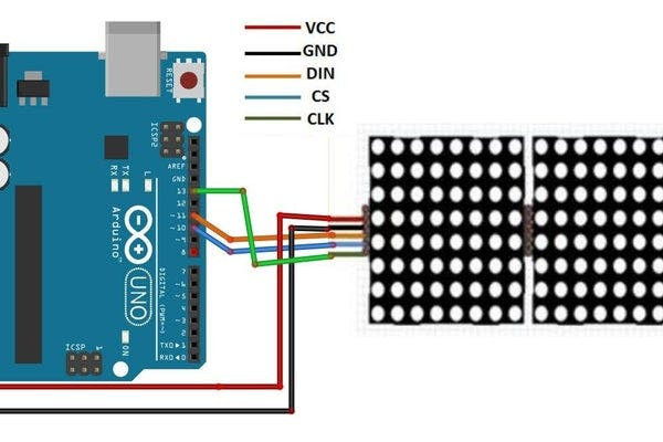- Connect LED Matrix pin[VCC] to Arduino pin[5V]
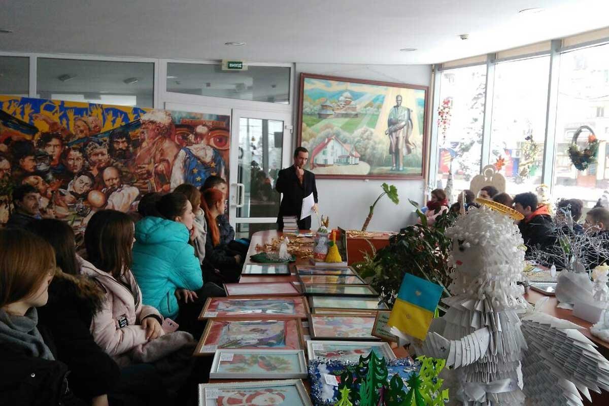 Тут ми прослухали розповідь історикознавця Віктора Стасюка про основні визначальні для державотворення події. Також багато дізналися про демографічу ситуацію в Україні. Студентів вразило те , що наше населення суттєво зменшилося. Деякі вчені підраховують, що спочатку нас було приблизно 80млн. Вражаюча цифра, чи не так? Проте війни, геноцид українського народу-Голодомор 1932-1933р., вивезення на примусові роботи до Німеччини та масова еміграція за кордон зробили свою справу. Тепер нас набагато менше, а саме-42млн . Найбільше вразила інформація те, що за часів Голодомору 1932-1933р. постраждало приблизно 9-12млн. українців, а це навіть більше за число євреїв та циганів , яких знищував А.Гітлер. Це означає , що Сталінський режим вбивав наш народ швидше, аніж Гітлер знищував євреїв…
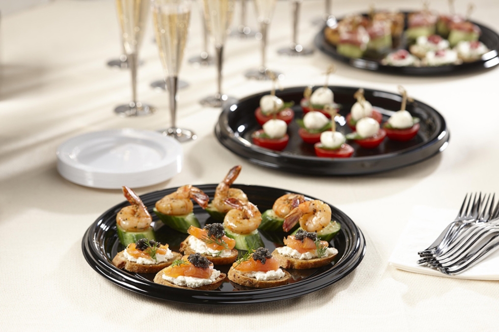 Sabert offers the largest assortment of recycled and recyclable PET platters trays and lids, with a very large choice of design, colours and dimensions. Thanks to an exclusive lamination process, Sabert black, marble, but also silver Platters offer outstanding renders with perfect illusion of stainless steel and reusable catering platters and become the best sandwich trays with lids option!

Exercise details — Retype the whole listing exactly and leave the pictures out.

Response to this task —
- Connect LED Matrix pin[VCC] to Arduino pin[5V]
 Тут ми прослухали розповідь історикознавця Віктора Стасюка про основні визначальні для державотворення події. Також багато дізналися про демографічу ситуацію в Україні. Студентів вразило те , що наше населення суттєво зменшилося. Деякі вчені підраховують, що спочатку нас було приблизно 80млн. Вражаюча цифра, чи не так? Проте війни, геноцид українського народу-Голодомор 1932-1933р., вивезення на примусові роботи до Німеччини та масова еміграція за кордон зробили свою справу. Тепер нас набагато менше, а саме-42млн . Найбільше вразила інформація те, що за часів Голодомору 1932-1933р. постраждало приблизно 9-12млн. українців, а це навіть більше за число євреїв та циганів , яких знищував А.Гітлер. Це означає , що Сталінський режим вбивав наш народ швидше, аніж Гітлер знищував євреїв…
 Sabert offers the largest assortment of recycled and recyclable PET platters trays and lids, with a very large choice of design, colours and dimensions. Thanks to an exclusive lamination process, Sabert black, marble, but also silver Platters offer outstanding renders with perfect illusion of stainless steel and reusable catering platters and become the best sandwich trays with lids option!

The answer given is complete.